Adam R. Wood (zotmeister) wrote,
Adam R. Wood

Puzzle 33: Ariadne's Lament

You've probably seen one of these before in a toy store:

They're universally called "Labyrinth", and they are a game of skill: rotating the knobs on the sides tilt the playfield, the task being to maneuver the marble from "Start" to "Finish" in only that manner and without the marble falling into any of the myriad of holes along the way. They're manufactured in many sizes and difficulty levels by a number of different companies.
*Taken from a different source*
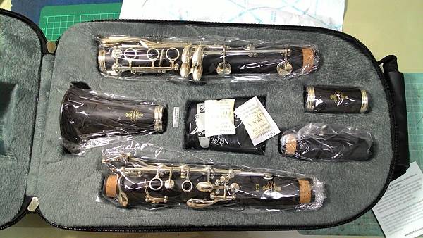 6. 樂器 – 拿開防潮紙,看到的是用透明塑膠袋裝的單簧管,因為用的透明塑膠袋很乾淨,所以樂器看起來就很高級,感覺舒服.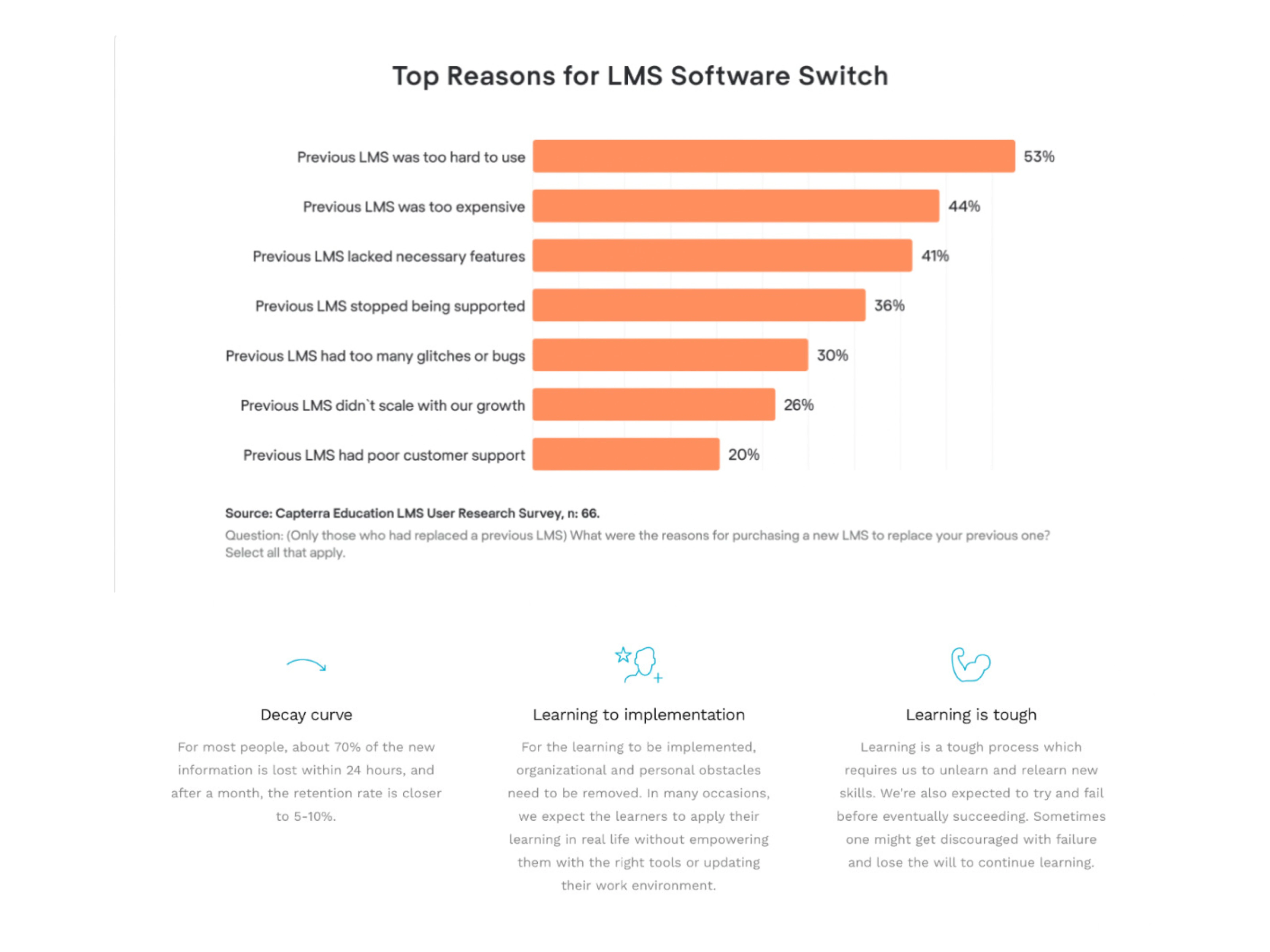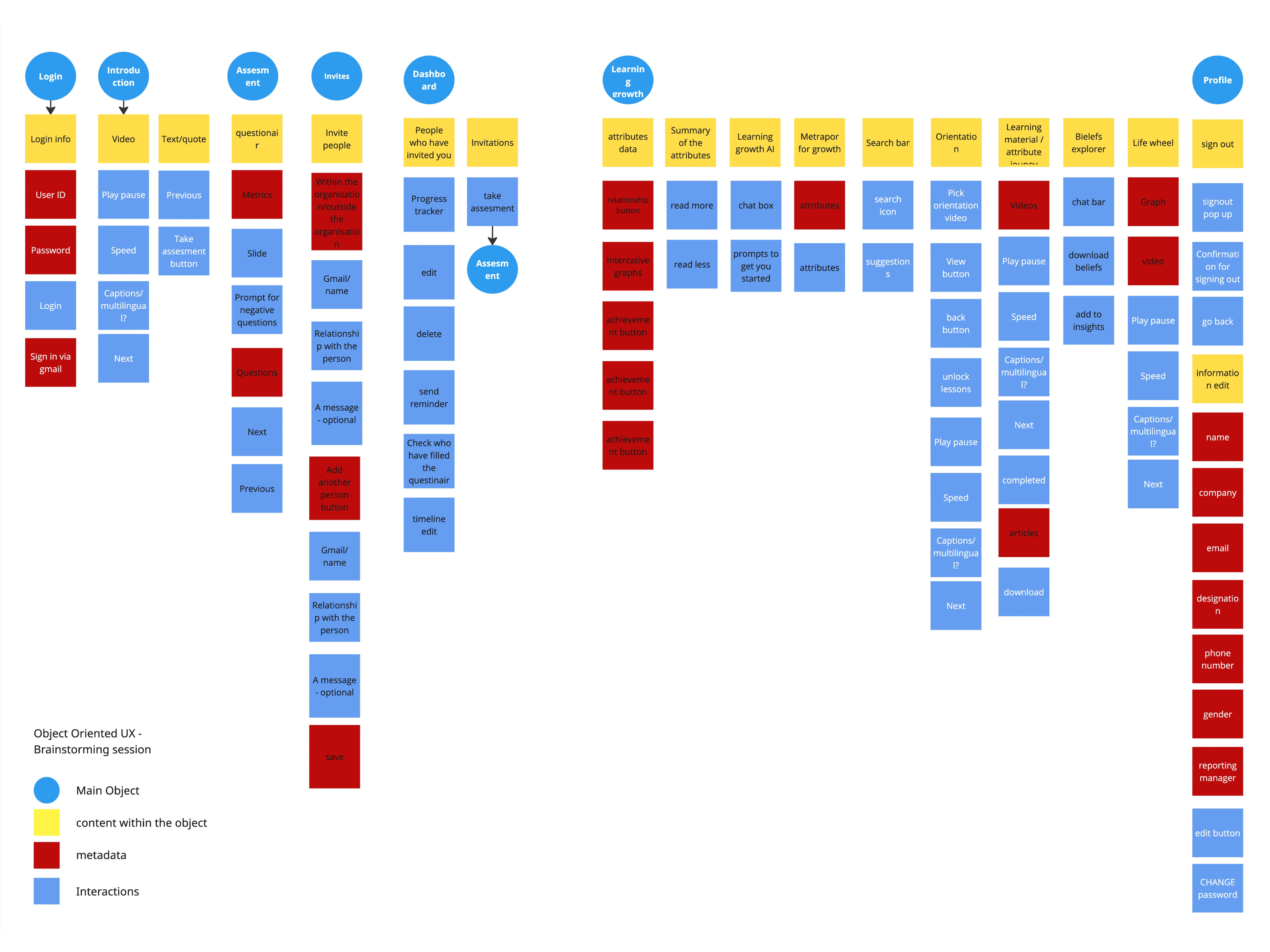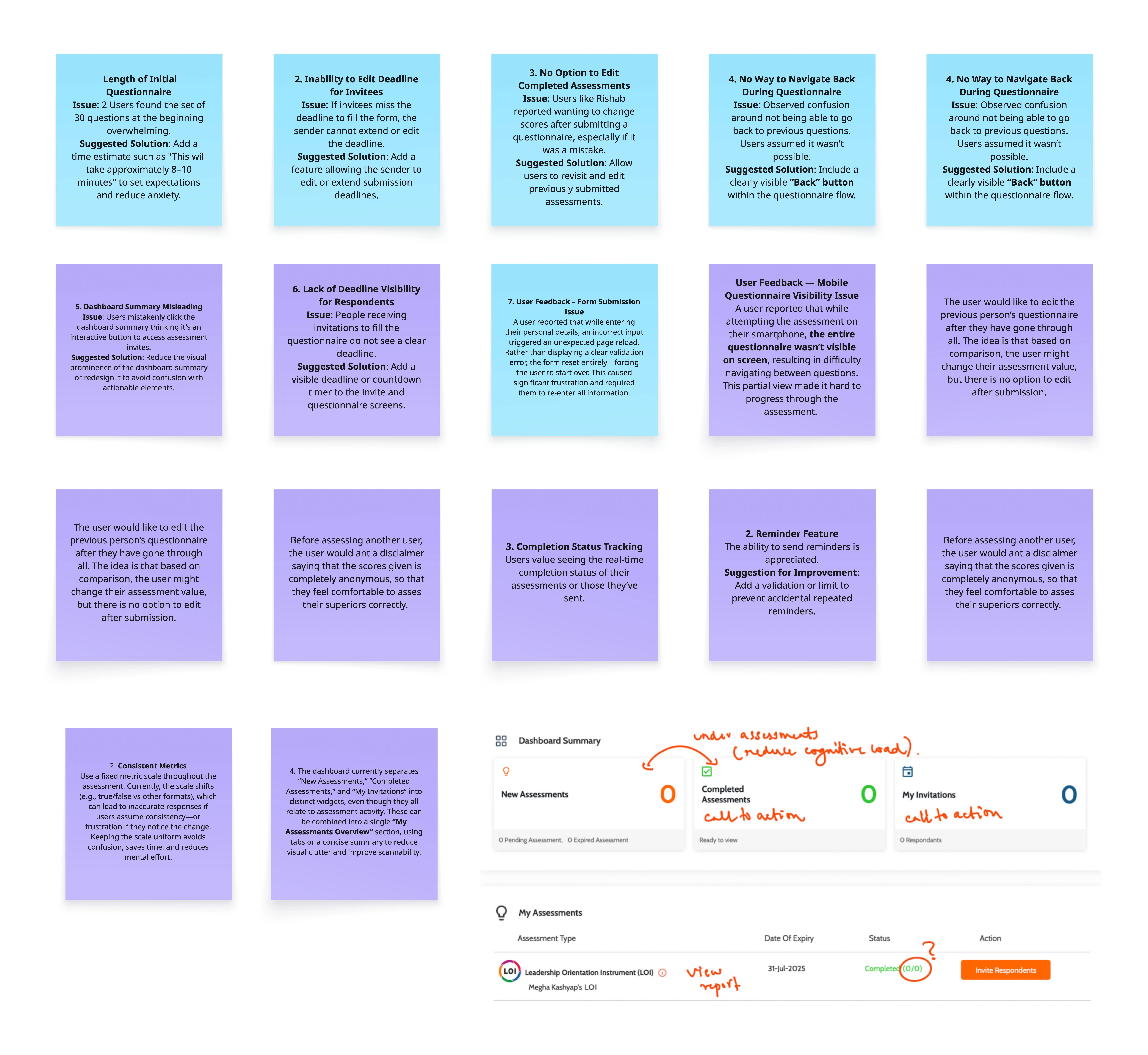 research revealed significant drop-off rates in traditional LMS platforms, primarily due to overwhelming complexity and cognitive overload. reported abandoning assessments midway through surveys, feeling intimidated by lengthy processes, and struggling to navigate between assessment completion, invitation management, and insight reviews. Additionally, participants expressed frustration with rigid workflows that didn't accommodate their need to edit responses, extend deadlines, or navigate backward through questions.

Microsoft Windows XP Plus! comes with an excellent computerized version.

Anyway, Nikoli has this clever and very entertaining puzzle (my absolute favorite among their offerings!) named Yajilin - "arrow link", or Arrow Ring for those who "attended" last year's United States Puzzle Championship - whose solutions look so much like one of these to me that I decided to break the ring and put in a "start" and "finish" to get the logic-puzzle version of the classic game. Throw in a title that alludes to 'labyrinth', and the metamorphosis is complete - without further ado, I bring you Ariadne's Lament:

Unsolved sample on left, unique solution on right.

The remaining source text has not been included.